Abstract

To the Editor:
Epstein-Barr virus (EBV), a member of the herpes virus family, is one of the most prevalent viruses globally that is associated with nasopharyngeal carcinoma, lymphoid malignancies, and gastric carcinomas [1]. Epstein-Barr virus-associated smooth muscle tumor (EBV-SMT) is rare and reported in immunosuppressed patients such as post-transplant patients, patients with acquired immunodeficiency syndrome (AIDS), and patients with congenital immunodeficiencies [2]. Epstein-Barr virus-associated smooth muscle tumor predominantly occurs in young adult males and can affect many organ systems, such as the central nervous systems (CNS), liver, lung, and genitourinary systems [3]. The disease can be multifocal. We report a young male patient with AIDS managed with radiofrequency ablation (RFA) for EBV-SMT of the liver.
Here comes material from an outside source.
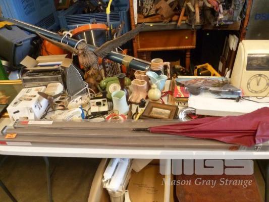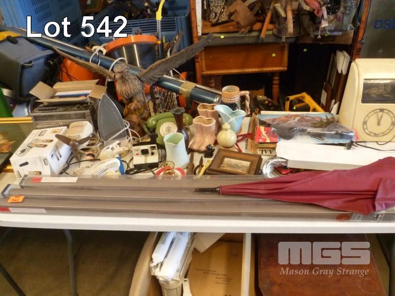 BLOCK OUT BLINDS, CARVED TIMBER EAGLE, DIAL TELEPHONE, VILASCOPE WALL CLOCK, ETC

A 27-year-old homosexual male presented with a five month history of watery diarrhea, dysphagia, and weight loss. He was diagnosed with human immunodeficiency virus (HIV) infection, fulfilling the criteria for AIDS with a CD4 count <20 per milliliter and an HIV viral load of 398,000 copies/mL. Combination antiretroviral treatment (abacavir, dolutegravir, lamivudine) was started. He developed opportunistic infections, including cytomegalovirus retinitis and uveitis with substantial visual impairment, ocular syphilis, oral and esophageal candidiasis, and chlamydial disease. He was treated with antivirals, anti-fungal, and antibiotic agents with a good response. A computed tomography (CT) scan of the neck and thorax was performed for neck abscess. On the CT scan, an incidental liver lesion was identified, and subsequent liver magnetic resonance imaging (MRI) scan showed a 24-mm solitary segment 6 liver lesion with arterial phase hyperenhancement and delayed phase washout. Hepatitis B and C screening were negative. The liver function test and alpha-fetoprotein were normal.
A multidisciplinary team (MDT) suggested a liver biopsy with the intent to rule out infectious etiology. The histology revealed EBV-SMT. The patient was counseled for surgical resection or RFA as possible therapeutic options, and he chose RFA. The RFA of the segment 6 liver lesion was uneventful, and he is well at six months of follow-up.
Epstein-Barr virus-associated smooth muscle tumors are rare neoplasms, with a prevalence of 0.6%–5%, and are usually found in immunosuppressed individuals such as patients with AIDS and post-transplant patients [4]. Epstein-Barr virus triggers the smooth muscle transformation by activating the Akt/mammalian target of the rapamycin (mTOR) signaling pathway [5]. Notably, all the case reports of EBV-SMT include young male patients, consistent with our report. Patients with long-standing HIV-associated immunosuppression may be at risk of EBV-SMT. However, our patient was recently diagnosed with HIV. This could be because of a latent period from HIV infection to the development of symptoms and eventual diagnosis. The clinical presentation of EBV-SMT of the liver is variable, ranging from asymptomatic (similar to our patient) to localized or systemic symptoms. In our patient, it was crucial to exclude primary neoplasms of the liver while considering AIDS-defining cancers, including Kaposi sarcoma and non-Hodgkin lymphoma, thus histology confirmation was advocated by MDT. For liver lesions <3 cm, RFA is curative and avoids surgical risks or the need for organ donation. Because of the paucity of evidence and the rarity of EBV-SMT in the liver, a clinician must report any cases.